Les discussions du Caire se tiennent alors que les frappes israéliennes - visant, selon Israël, des membres de groupes armés - se poursuivent à un rythme quasi-quotidien en dépit du cessez-le-feu annoncé en octobre 2025.

Les parties se renvoient mutuellement la responsabilité de la situation, le Hamas accusant Israël de ne pas respecter ses engagements, notamment humanitaires.

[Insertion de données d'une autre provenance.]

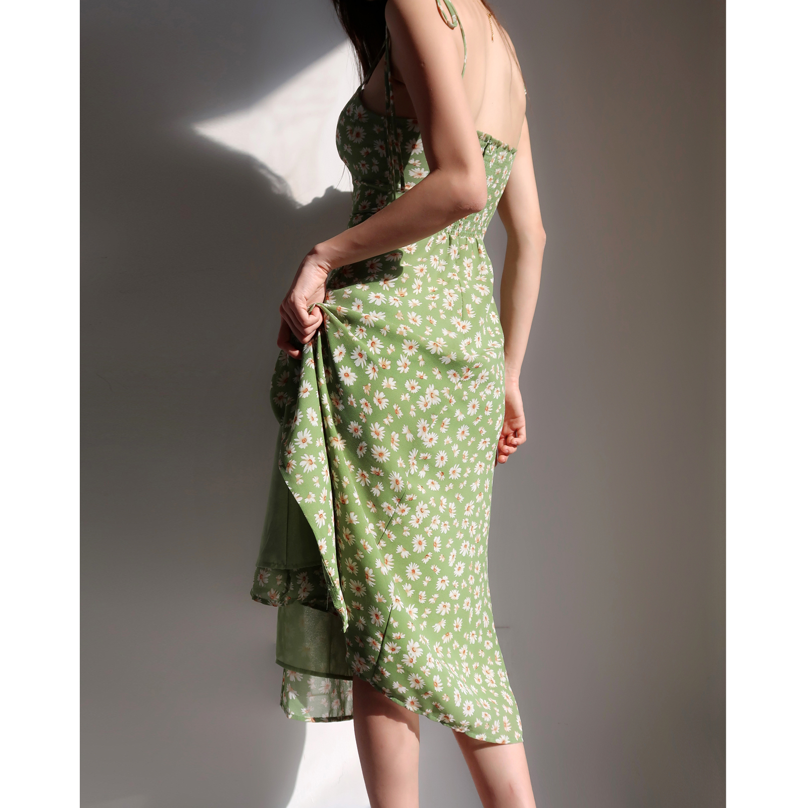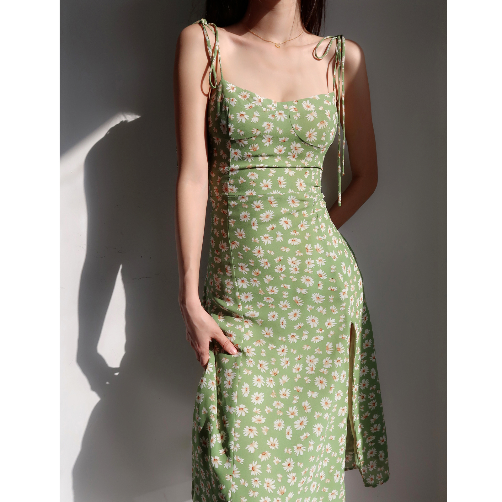 Step into effortless elegance with our Fitted Vintage Green Side-Slit Dress, adorned with charming small daisies for a touch of whimsy. This French-style sleeveless mid-calf dress offers a flattering fit that accentuates your silhouette while providing comfort for all-day wear, making it the perfect choice for your next vacation or casual outing. Embrace a blend of style and sophistication add this delightful dress to your cart today and elevate your wardrobe!

Les pourparlers entre le Hamas et les médiateurs doivent reprendre mercredi, selon un dirigeant du mouvement islamiste.

Le Hamas a déjà plusieurs fois déclaré ne pas être opposé à rendre une partie de son arsenal, mais uniquement dans le cadre d'un processus politique palestinien.

Son ancien numéro un, Khaled Mechaal, a aussi évoqué un "gel" ou un "stockage" des armes, ce qui avait été immédiatement rejeté par Israël.